На утренних улицах Альбанда было пусто. Почти пусто. Несколько гномов спешили в ту же сторону, что и Гатар с Минтом, возможно, на утреннюю молитву.

— В храм Узианды, — коротко ответил Гатар.

— Ради этого ты меня вытащил из постели? — возмутился Минт. — Посещения какого-то сраного храма? Так шел бы и молился своему этому сра…

— Не богохульствуй! — рыкнул Гатар, кладя руку на плечо барда и придавливая.

Нет, он давно уже не был тем наивным зеленым юношей, что сбежал из нищего кочевья, мечтая разбогатеть, прославиться и приехать обратно на огромном шестиногом белом коне. Но слушать хулу на своего бога?

— Началось, — скривился Минт, пытаясь стряхнуть ручищу орка. — Дед все куда-то тащил да нудел, теперь вы взялись? Кстати, где Ираниэль?

— Пошла в банк, — коротко бросил орк.

— О! Деньги — это хорошо, деньги, — это выпивка, — оживился Минт, но тут же скривился от боли, приложил руку к голове. — Слышь, давай уже в кабак свернем, помолимся богу вина, вознесем не менее двух бутылок!

— Нет.

Для молитв не нужны храмы, это Гатар понял уже давно. Но в храмах и при них обитали жрецы и священники, обладавшие специфическими навыками. Вначале следовало убедиться, что Бран не влиял на них, не подрывал боевой дух, а потом уже браться за найм и воспитание Минта.

— Блин, я думал — вы мои друзья, а вы не лучше деда! — поморщился Минт.

— Лучше, — возразил Гатар. — Мы на тебя не влияем тайно.

— Ага, только открыто, например, берете и вытаскиваете из постели ни свет ни заря, — ворчал Минт.

Храм Сайроса, бога мастеров и ремесел, словно выдвинулся им навстречу, занимая собой половину огромной пещеры. Гномы входили в храм, оживленно переговариваясь, сновали служки, доносилось постукивание молота, под аккомпанемент чьего-то могучего баса. Гатар и не сомневался, что Сайроса гномы будут ставить первым из тринадцати, славить больше всех. В его родных степях точно так же выделяли, выдвигали на первое место из пантеона тринадцати Алианну, богиню зверей и птиц. Будь здесь Ираниэль, рассказала бы о почитании Филоры, богини лесов и растений.

— Если ты хочешь работать в команде, — указал Гатар, — то тебе следует изменить свое поведение, а не вести себя как капризная певичка!

— Уже не уверен, что хочу, — огрызнулся Минт. — И я — бард, человек искусства, мне по профессии положено быть капризной певичкой! Певцом.

— Боевой бард! — многозначительно вскинул указательный палец Гатар. — В бою не на сцене — хочешь жить, помогай напарникам, и они помогут тебе.
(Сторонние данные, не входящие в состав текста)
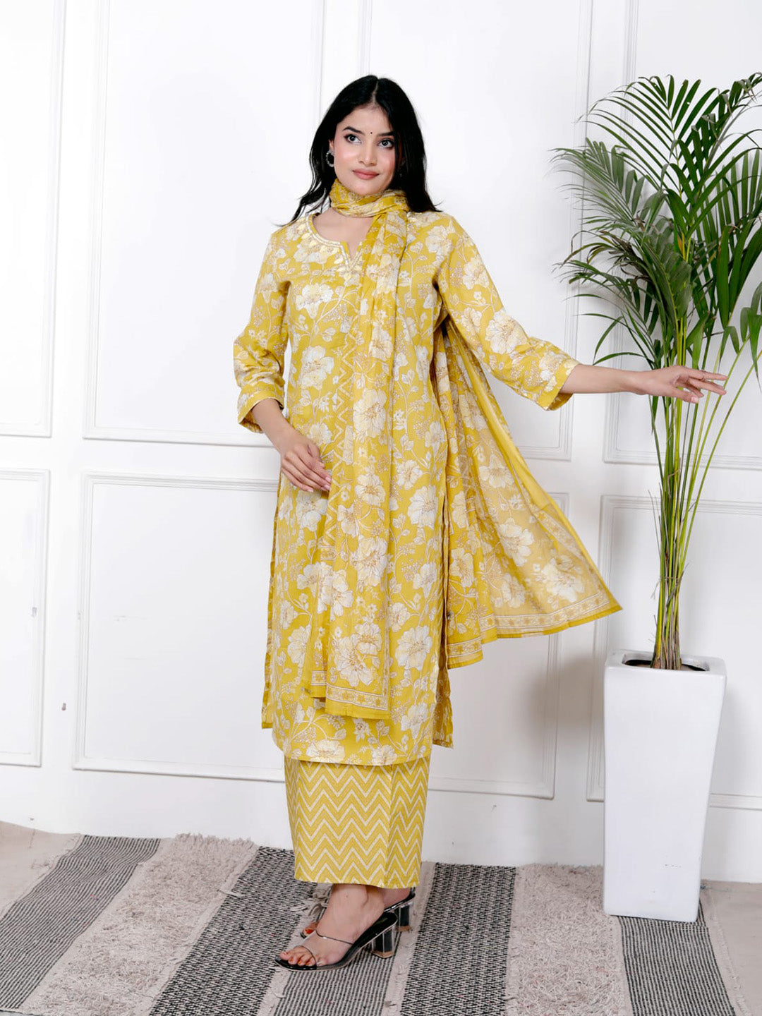 Printed Cotton Blend Kurta With Pants & Dupatta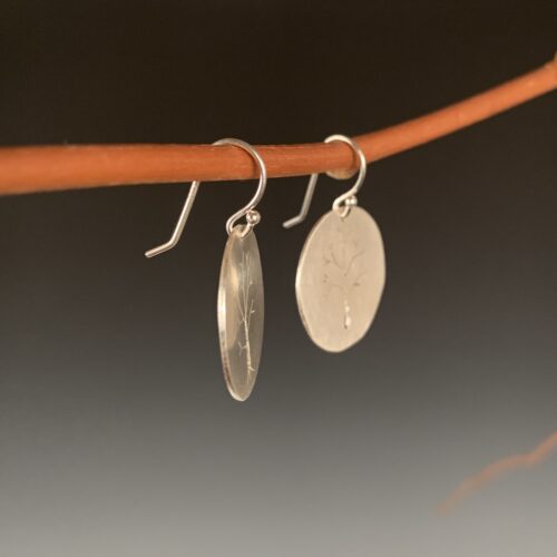 Beautiful sterling silver earrings by Jesse Mixer, featuring trees cut-out from round silver disks. Jesse begins all of her jewelry as original drawings, and then meticulously cuts out each piece by hand with a little tiny saw blade, rendering each piece individually, completely unique from the next. Often featuring landscapes, plants, animals, and her rustic New Hampshire lifestyle, Jesse’s charming jewelry has a well-loved, homegrown sensibility. Made from recycled sterling silver, with a brushed silver finish that pops white and enhances the tiny cut-outs.

Минт скис, бормоча что-то себе под нос, возможно, взывая к Гаросу — богу смерти или Эммиде — богине справедливости и возмездия. Или он просто ругался с похмелья, такое Гатару тоже встречалось. Торговец Бран, которым все это время прикрывался юный бард — даже величал дедом, не имея кровного родства — относился к своему «внуку» непозволительно мягко, по мнению Гатара. Не реагировал на его выходки, спускал с рук слова, вместо перевоспитания просто смотрел, думая явно о своем.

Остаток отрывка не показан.